En Sao Paulo se había visto metido en muchas peleas, aunque por supuesto nunca a espada: palos y navajas a lo sumo, a puñetazos la mayoría. Contempló la empuñadura azul del arma. La guarda era fina y estilizada, con dos piedras preciosas engastadas en cada extremo que parecían mirarlo como ojos ansiosos. Darío no sabía mucho de espadas, pero una de las pocas cosas que había dado por seguras era que no actuaban por cuenta propia, que era la voluntad del que la empuñaba quien la dominaba y no al contrario. Sin embargo, con el arma que llevaba al cinto no ocurría así. Había veces, como aquel día en la escalera, en que la espada actuaba por su cuenta. Él no había querido herir a aquel chaval ridículo, sólo quería que lo dejaran en paz, sólo eso; su única intención había sido apartarlos de su camino. Pero el arma había querido sangre y había saltado hacia delante sin que él pudiera evitarlo.
La había encontrado en la grieta que recorría la ciudad de parte a parte. Darío había descendido a ella nada más ver la cantidad de armas esparcidas entre los esqueletos. Había cogido la primera que quedó a su alcance, sin ni siquiera tener que poner el pie en aquel osario espeluznante. Un brazo esquelético, en el que todavía quedaban prendidas algunas tiras de tela, se alzaba entre una montaña de restos muy cerca de la pared, con la espada empuñada firmemente en su mano descarnada; casi parecía haber estado ofreciéndosela. Nada más cogerla, un violento traqueteo sacudió la grieta y varias estelas de hueso aceleraron en su dirección. Darío trepó por la pared a toda velocidad, pero a medio camino se detuvo, consciente de que no iba a poder ponerse a salvo a tiempo. Tuvo un fugaz atisbo de una boca plagada de cuchillas que saltaba a su encuentro entre una nube de esquirlas. Fue la primera vez que la espada actuó por su cuenta. El muchacho sintió cómo tiraba de su brazo en un violento arco descendente. El golpe partió en dos la cabeza de aquella bestia con una limpieza sobrecogedora, el engendro dio una sacudida en el aire y cayó de regreso al osario de donde había salido. El resto de las estelas saltaron sobre el cadáver de su congénere, olvidándose por completo de Darío.

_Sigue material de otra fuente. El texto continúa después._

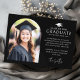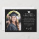 Cartão de lançamento fotográfico com o seu dentro fotográfico, um quadro elegante em forma de arco e um logotipo de boné de formatura com o texto "formando" e a classe do seu ano. Adicione uma mensagem personalizada abaixo.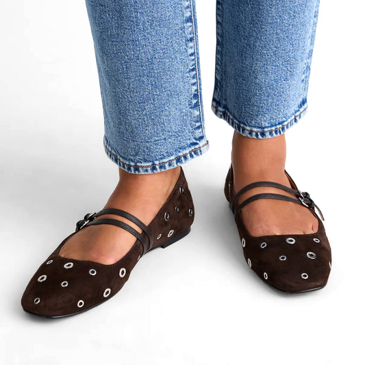 Cocoa Faux Suede Square-Toe Eyelet Double Buckle Bridge Strap Flats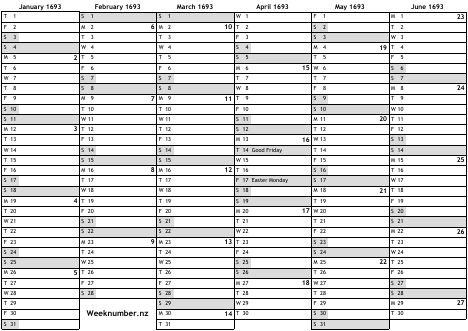 1693 calendar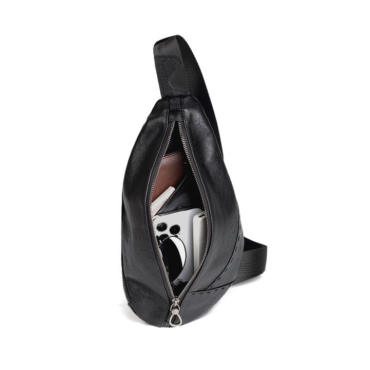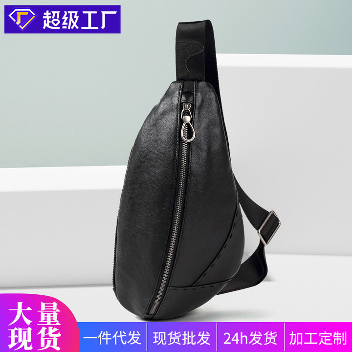 New men's vertical leather breast bag men's casual sports messenger bag retro first-layer cowhide shoulder bag men's bag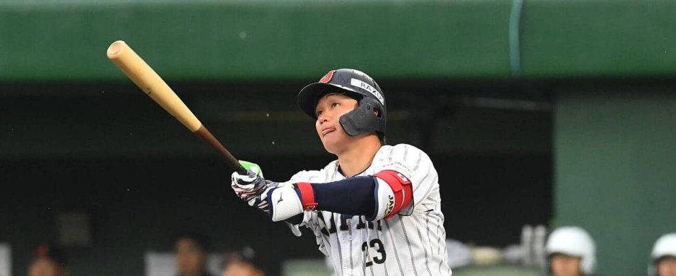 兄貴分の佐藤の5打点に次ぐ4打点。「アピールの場でもあると思うので、自分らしい打撃を心がけて頑張りました」。二塁ベース上では、ベンチへ釣りざおのリールを巻くようなパフォーマンスを披露。「まあまあ、模索中、模索中です。考え中です」。楽しむことも忘れない。全試合4番を任された24年のプレミア12でも発揮した勝負強さに加え、ムードーメーカーぶりもアピールした。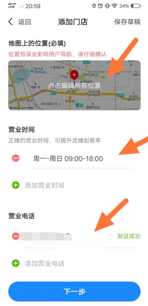然后在地图上编辑店铺位置,填写营业时间以及营业电话,如图所示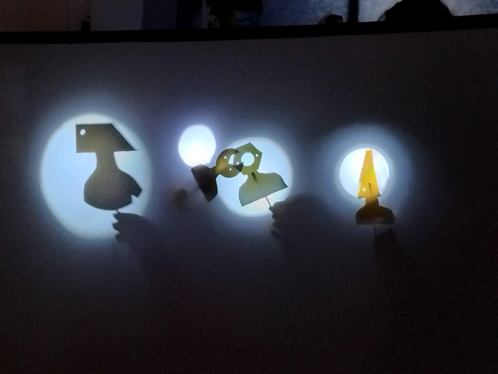 Tirée de l’album jeunesse « Et Puis » créé par le duo d’artistes Icinori, l’histoire racontée dans cette pièce parle de nature et d’écologie. Les personnages principaux sont des hommes-outils, et c’est notamment avec leur silhouette que les enfants ont pu expérimenter les jeux de lumières.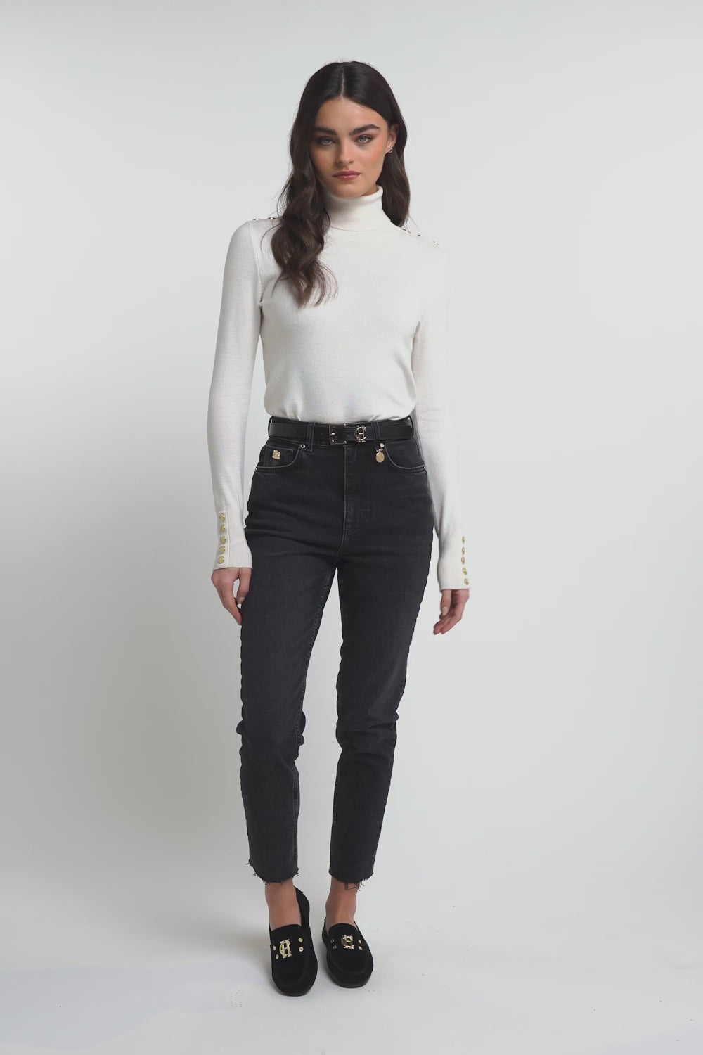 The High Rise Ladies Slim Jeans from Holland Cooper perfectly fit dressed down style, crafted from wonderfully comfortable stretch denim with a raw hem for that laid-back look. Cut with a high waist and slim leg, these would look fabulous paired with a chunky knit and statement belt, finished with five-pocket styling and signature gold hardware.

Ésa había sido la primera de las muchas pruebas a las que le había sometido Rocavarancolia. La horripilante mujer remendada había asegurado que importaba poco si buscaban su destino en grupo o en solitario, que las dificultades iban a ser idénticas, tanto para unos como para otros, pero Darío había comprobado que eso no era cierto. Había criaturas que no se hubieran atrevido a enfrentarse a un grupo tan nutrido como el del torreón, pero en cambio no tenían reparo alguno en vérselas con él. Sin aquella espada tan peculiar, hubiera muerto en su primera semana en Rocavarancolia, estaba convencido de ello. Pero esa arma mágica y su propia destreza lo habían mantenido con vida. Y el hecho de no haber tardado mucho en aprender que resultaba más seguro viajar por los tejados y azoteas que hacerlo a ras del suelo.

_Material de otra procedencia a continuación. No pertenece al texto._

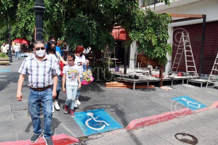 Restaurante reduce uso de banqueta a los peatones al ampliar sus instalaciones.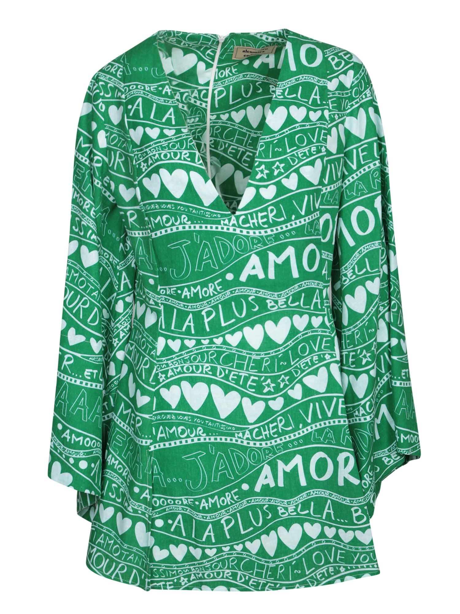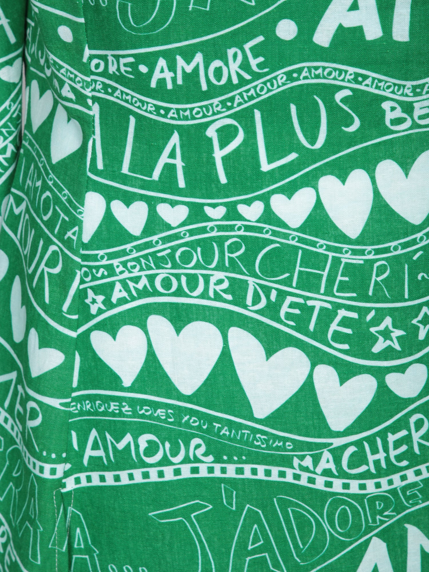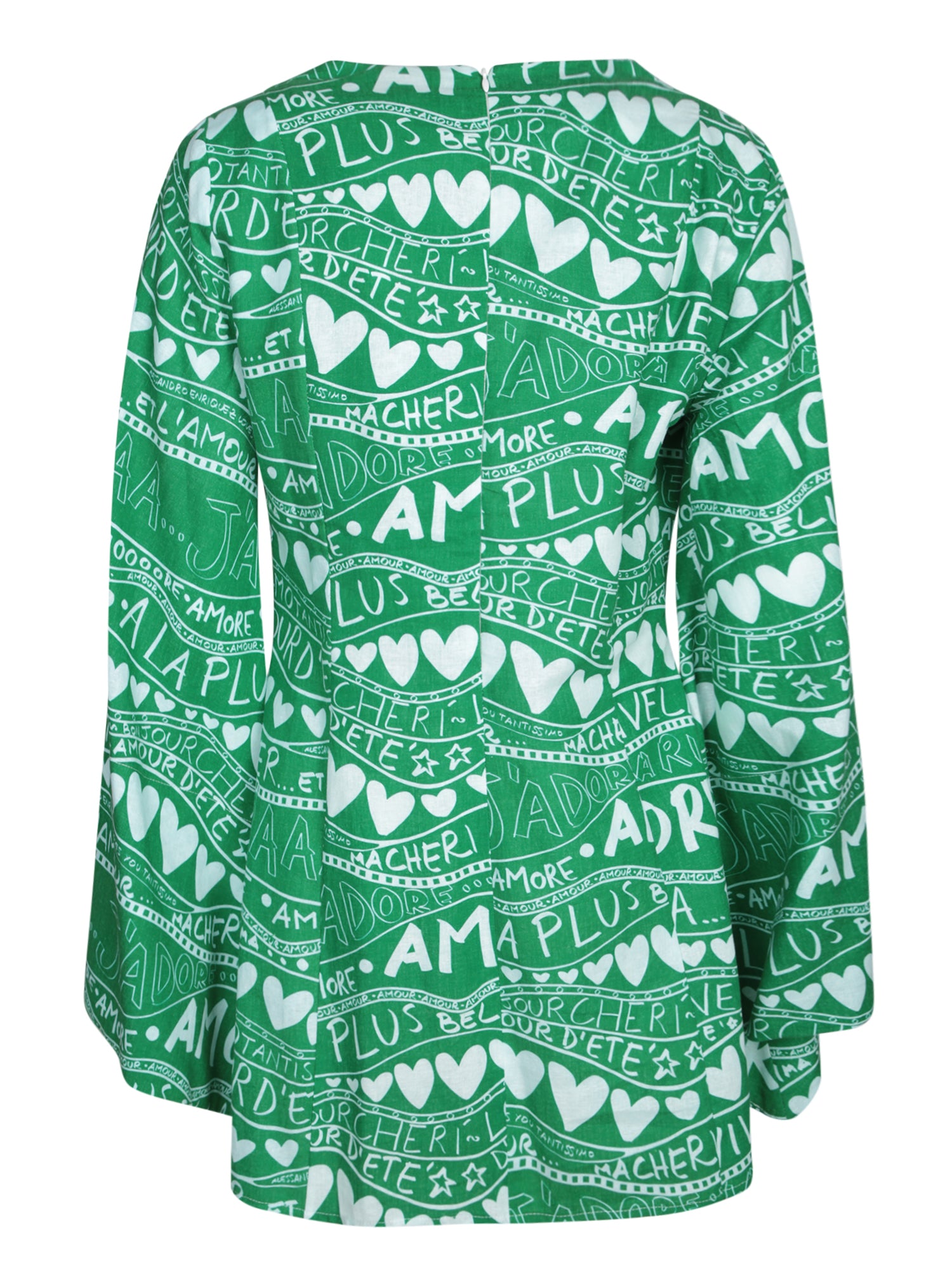 Green dress with long sleeves, wave and heart pattern, V-neckline.

Trepó por la ruinosa pared de un edificio de tres plantas, de esbeltos pilares y ladrillo rojo. Había ocultado su saco entre la nidada de gárgolas que se apiñaba en el centro de la fachada, todas con las fauces abiertas y mirando hacia abajo con los rostros desencajados de pura rabia. El brasileño echó un vistazo a su alrededor. El viento le revolvió el cabello negro, que aleteó en torno a su cabeza como una inquieta nube oscura. La ciudad en ruinas se extendía en todas direcciones, un caos de edificios maltrechos, callejas destrozadas y escombros.
Denéstor Tul le había asegurado que iba a llevarlo al lugar al que pertenecía y Darío no podía estar más de acuerdo. Hasta sentía que todos sus años en Sao Paulo no habían sido más que la preparación para lo que lo aguardaba en Rocavarancolia, para aquella vida de vértigo, carreras y continuos sobresaltos. Había perdido la cuenta de todas las criaturas que lo habían atacado en el tiempo que llevaba allí. A la mayoría había logrado esquivarlas, pero en algunos casos no le quedó otro remedio que enfrentarse a ellas. Todavía tenía la espalda dolorida por los golpes que le había propinado una enloquecida criatura simiesca que le saltó encima desde el tejado de una pagoda semiderruida. Aquel simio vestía una túnica sucia y raída y, mientras lo golpeaba una y otra vez, no dejaba de gritarle: «¡Dame tu nombre! ¡Tu nombre! ¡Dámelo! ¡Dámelo!».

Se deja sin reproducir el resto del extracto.